Point 1 -- Know what metadata is and how IT is using it. Metadata is a linchpin of document retention, which is founded on knowing the creation and modification dates of a piece of data. There are other metadata attached to files as well, such as creators, document types, and respondents and attachments in the case of email. Lawyers should work with IT to understand the nature of metadata and how to use it and preserve it. In the case of IT, they should be using software tools that classify electronically stored information (ESI) by metadata.
Point 2 -- Preserve all metadata with ESI and produce as requested. In Bray & Gillespie v. Lexington, B&G had correctly preserved metadata with its large ESI collection -- hundreds of thousands of emails, files, and attachments. But then B&G's lawyers took it upon themselves to strip the metadata from the collection and produce it as graphic images, even though the Lexington lawyers had requested native files in the meet-and-confer. This left the large collection completely unsearchable. Opposing counsel bitterly complained, and the judge agreed. This resulted in serious sanctions on both the offending law firm and its individual lawyers.
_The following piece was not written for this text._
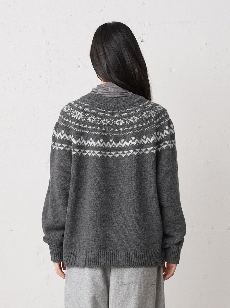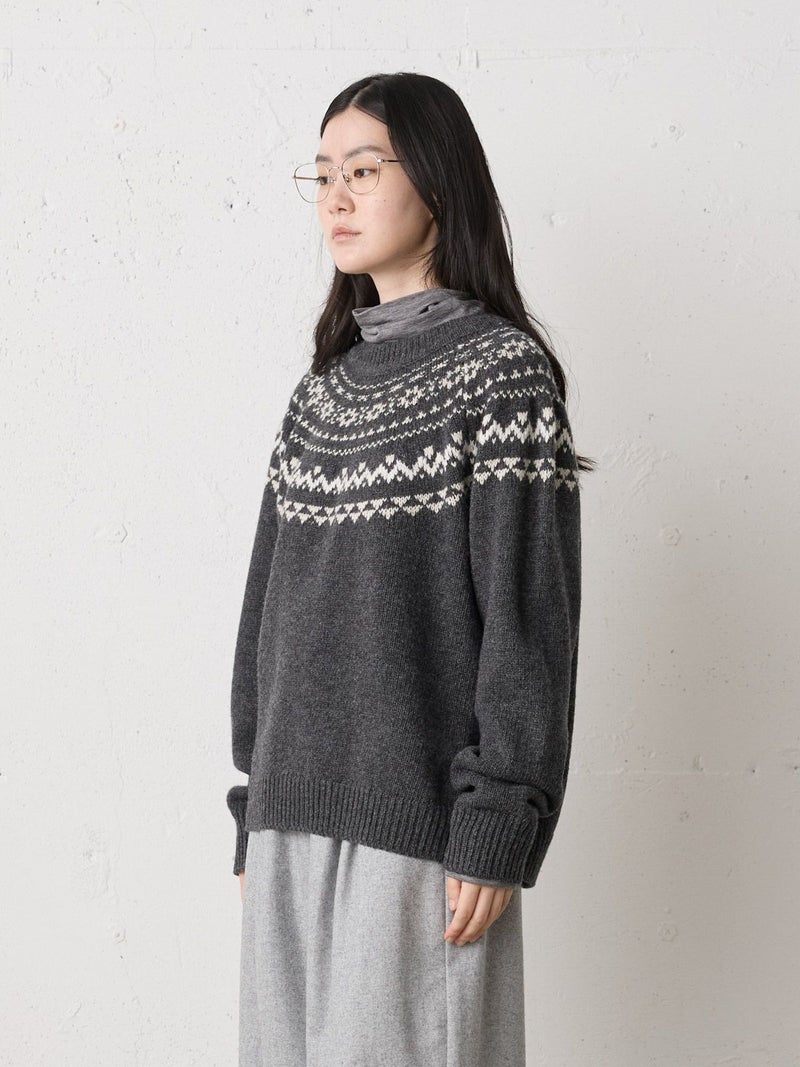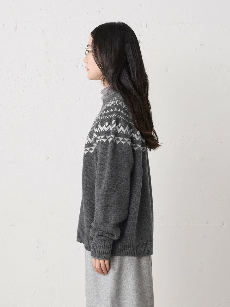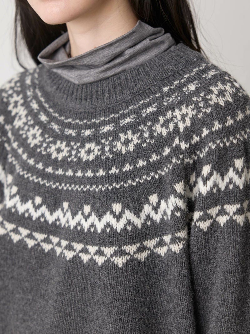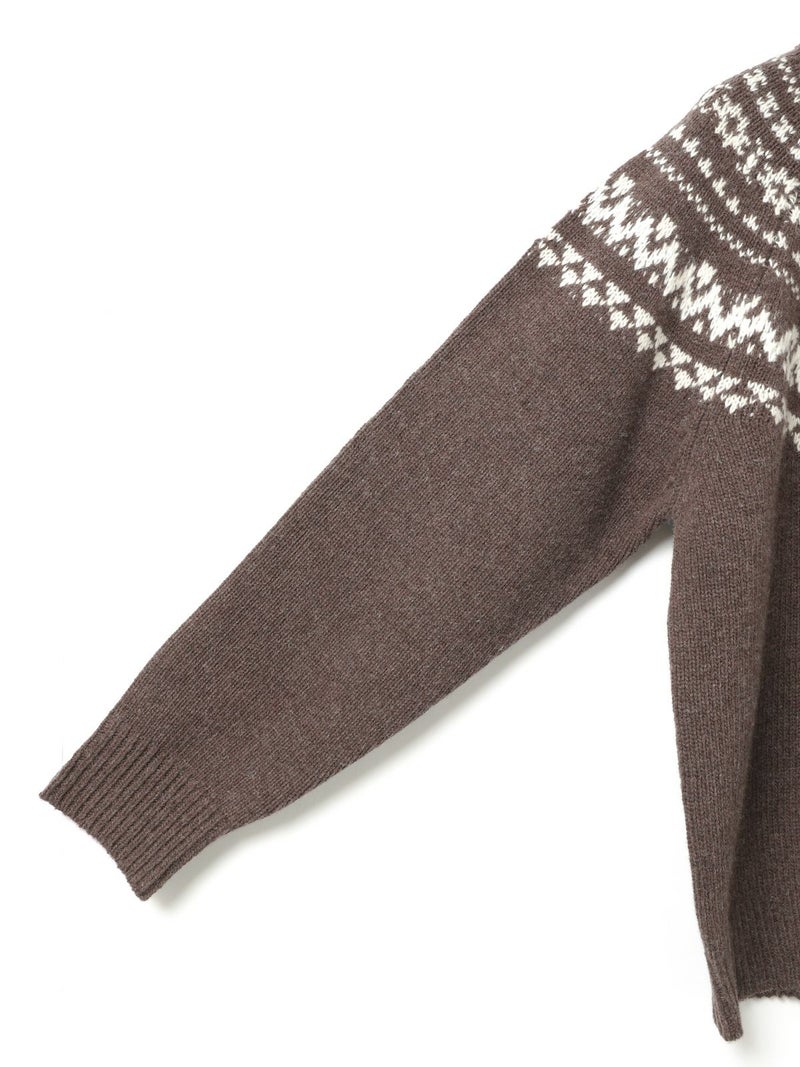 手編み風のざっくりとした風合いが魅力のノルディックニットプルオーバー。単色ながらも一部に特殊な糸を使用することで、立体感と奥行きのある表情に仕上げました。冬の定番・ローゲージのノルディック柄が印象的で、白の柄が映えるチャコールグレーとブラウンの2色展開です。ほどよくジャストなサイジングで、シャツをインしたレイヤードスタイルもおすすめ。デニムからスカートまで幅広いボトムに合わせやすく、寒い季節をあたたかく包み込む一枚です。同シリーズ4-729980/ノルディックニットカーディガンも展開中。

Point 3 -- Track everything so you can prove the methods you used to collect preserve and produce ESI, including metadata. The more automated you can make this process the happier you will be and the better defensible evidentiary record you will have. Most e-discovery classification software will track and report on actions -- just make sure that a) your tool can do it before you buy it, and b) you are using the feature. (You'd be surprised)
Point 4 -- At meet-and-confer, attorneys should already know the method that IT is using to preserve ESI with metadata, and should be prepared to intelligently propound or respond. All too often metadata is a fuzzy concept in lawyerly minds. It is IT's place to educate them, and to use the software tools that classify, preserve, and produce metadata along with files.